» DATA RECORDS
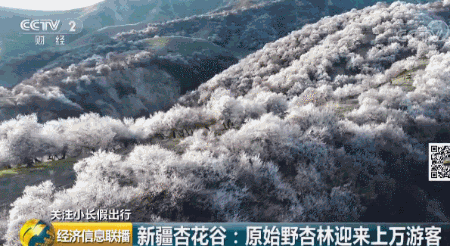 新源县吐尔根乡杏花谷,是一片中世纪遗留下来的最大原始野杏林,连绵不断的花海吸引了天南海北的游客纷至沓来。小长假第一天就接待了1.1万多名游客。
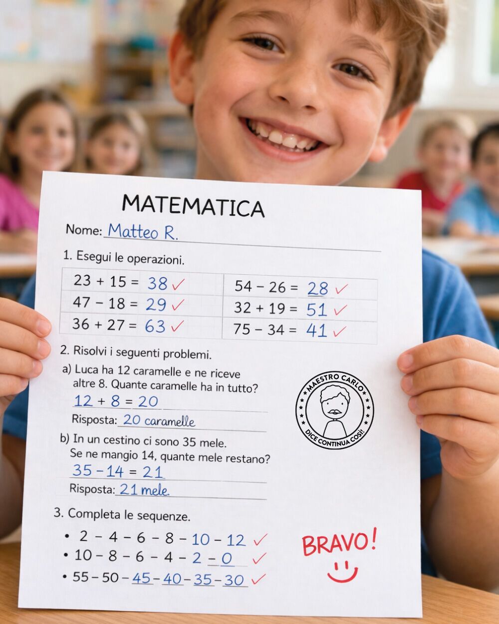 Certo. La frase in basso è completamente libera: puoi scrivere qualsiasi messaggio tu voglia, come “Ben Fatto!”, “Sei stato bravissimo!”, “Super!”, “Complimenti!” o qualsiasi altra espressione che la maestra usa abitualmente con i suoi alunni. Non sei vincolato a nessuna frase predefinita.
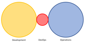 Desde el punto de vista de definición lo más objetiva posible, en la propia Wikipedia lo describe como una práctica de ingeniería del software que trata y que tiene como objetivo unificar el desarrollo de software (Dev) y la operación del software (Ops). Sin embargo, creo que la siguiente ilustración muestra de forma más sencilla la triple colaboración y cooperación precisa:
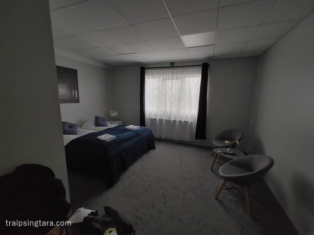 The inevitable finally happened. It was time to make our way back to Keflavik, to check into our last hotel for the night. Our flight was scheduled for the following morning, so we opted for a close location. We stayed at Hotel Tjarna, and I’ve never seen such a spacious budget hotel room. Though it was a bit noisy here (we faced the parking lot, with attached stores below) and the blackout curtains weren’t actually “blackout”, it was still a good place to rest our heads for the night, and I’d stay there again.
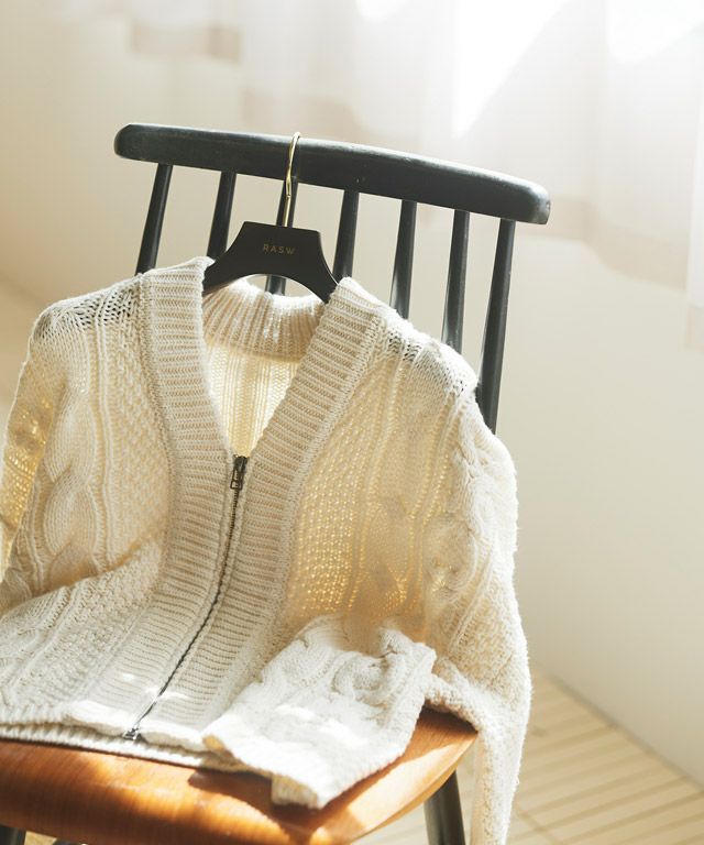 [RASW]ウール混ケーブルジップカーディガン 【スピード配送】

---

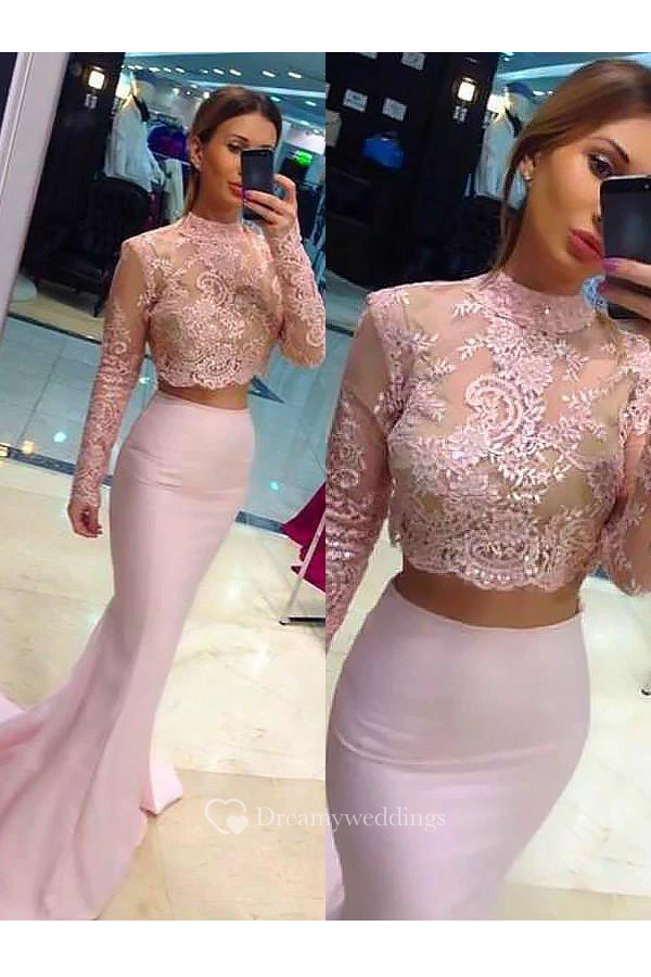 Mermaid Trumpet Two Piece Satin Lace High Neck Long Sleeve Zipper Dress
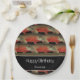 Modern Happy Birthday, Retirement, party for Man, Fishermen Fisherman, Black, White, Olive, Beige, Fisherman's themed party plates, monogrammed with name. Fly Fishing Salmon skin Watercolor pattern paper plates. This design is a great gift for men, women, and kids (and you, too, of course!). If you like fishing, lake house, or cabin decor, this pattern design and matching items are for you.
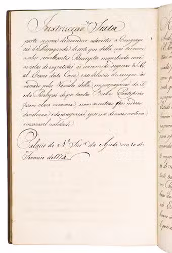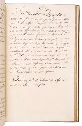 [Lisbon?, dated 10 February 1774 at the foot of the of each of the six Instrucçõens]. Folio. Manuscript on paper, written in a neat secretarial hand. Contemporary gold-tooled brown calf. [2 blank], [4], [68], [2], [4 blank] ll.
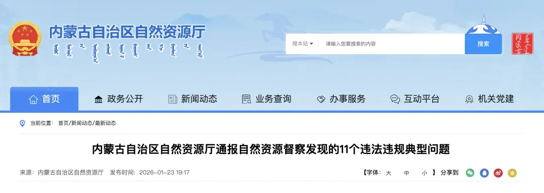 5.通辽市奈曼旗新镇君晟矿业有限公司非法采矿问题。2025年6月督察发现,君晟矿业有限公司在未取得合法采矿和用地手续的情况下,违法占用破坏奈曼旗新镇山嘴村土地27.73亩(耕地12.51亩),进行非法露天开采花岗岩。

* * *

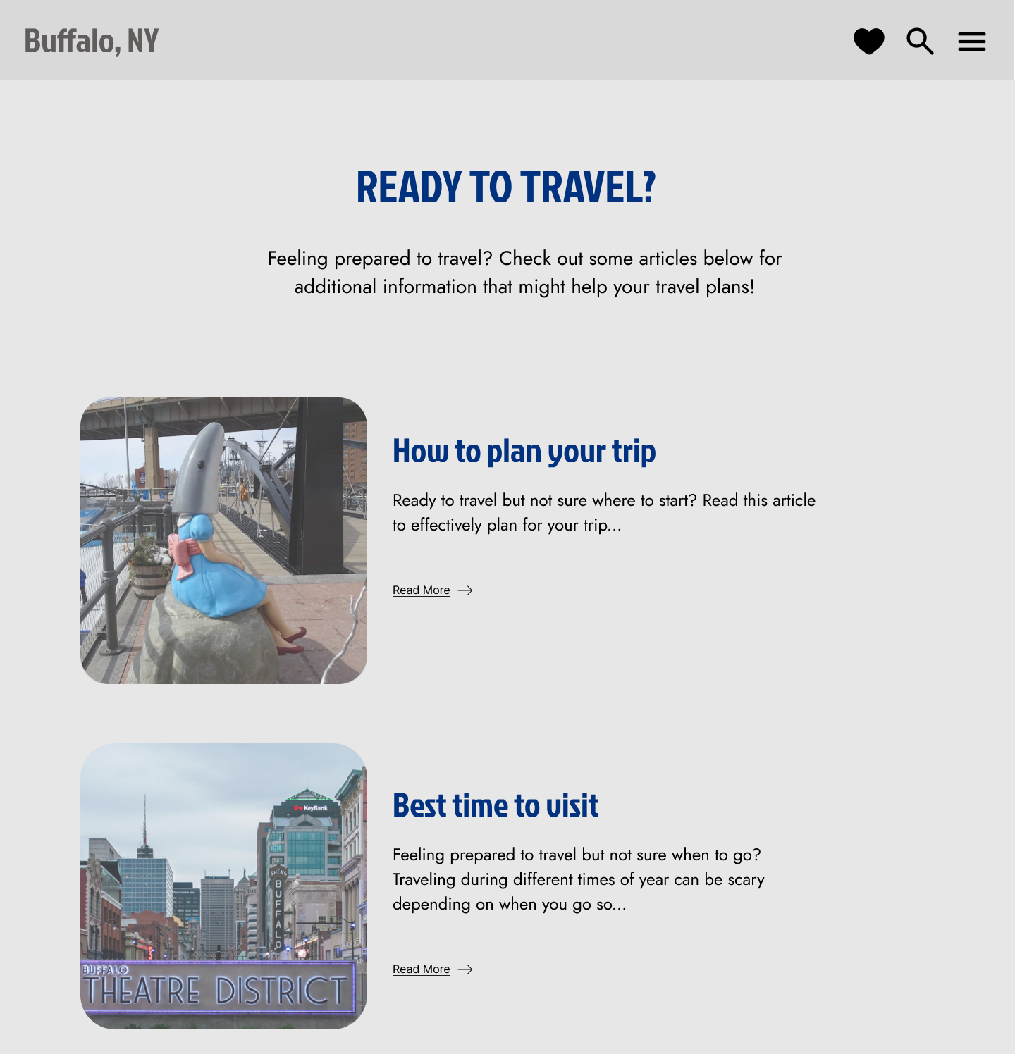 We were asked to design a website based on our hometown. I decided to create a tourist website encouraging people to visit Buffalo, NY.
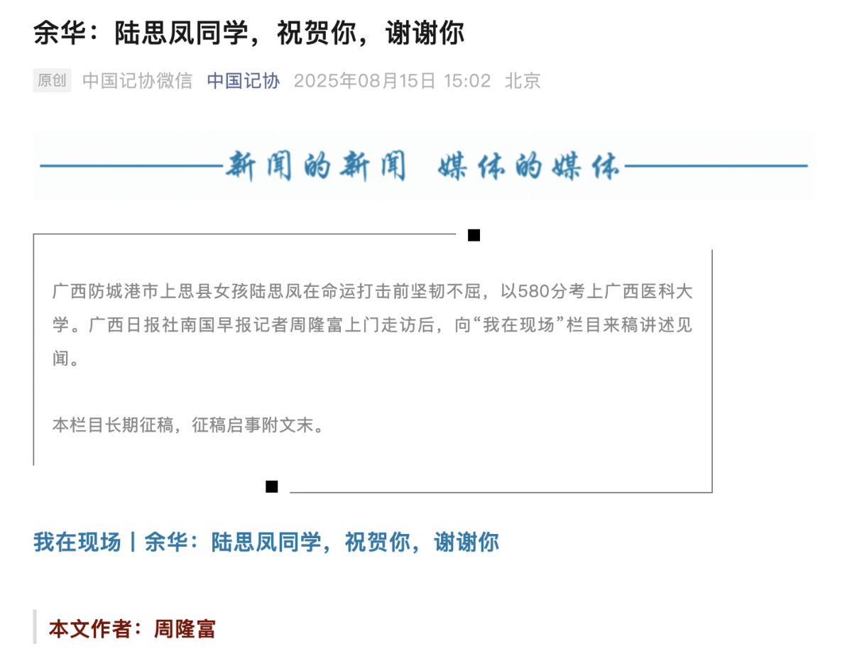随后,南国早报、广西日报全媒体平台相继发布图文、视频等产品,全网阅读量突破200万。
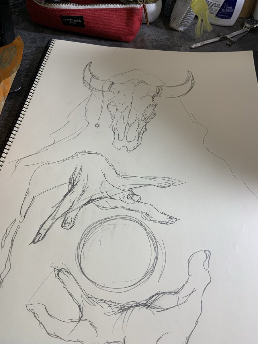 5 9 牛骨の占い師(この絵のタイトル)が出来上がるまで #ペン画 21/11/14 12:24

» TASK STATEMENT
Look above for the line with "新源县吐尔根乡杏花谷,是一片"; quote it and every line after it, stopping after the line with "Desde el punto", exactly, with nothing added and without pictures.

» SOLUTION TO THIS TASK
 新源县吐尔根乡杏花谷,是一片中世纪遗留下来的最大原始野杏林,连绵不断的花海吸引了天南海北的游客纷至沓来。小长假第一天就接待了1.1万多名游客。
 Certo. La frase in basso è completamente libera: puoi scrivere qualsiasi messaggio tu voglia, come “Ben Fatto!”, “Sei stato bravissimo!”, “Super!”, “Complimenti!” o qualsiasi altra espressione che la maestra usa abitualmente con i suoi alunni. Non sei vincolato a nessuna frase predefinita.
 Desde el punto de vista de definición lo más objetiva posible, en la propia Wikipedia lo describe como una práctica de ingeniería del software que trata y que tiene como objetivo unificar el desarrollo de software (Dev) y la operación del software (Ops). Sin embargo, creo que la siguiente ilustración muestra de forma más sencilla la triple colaboración y cooperación precisa:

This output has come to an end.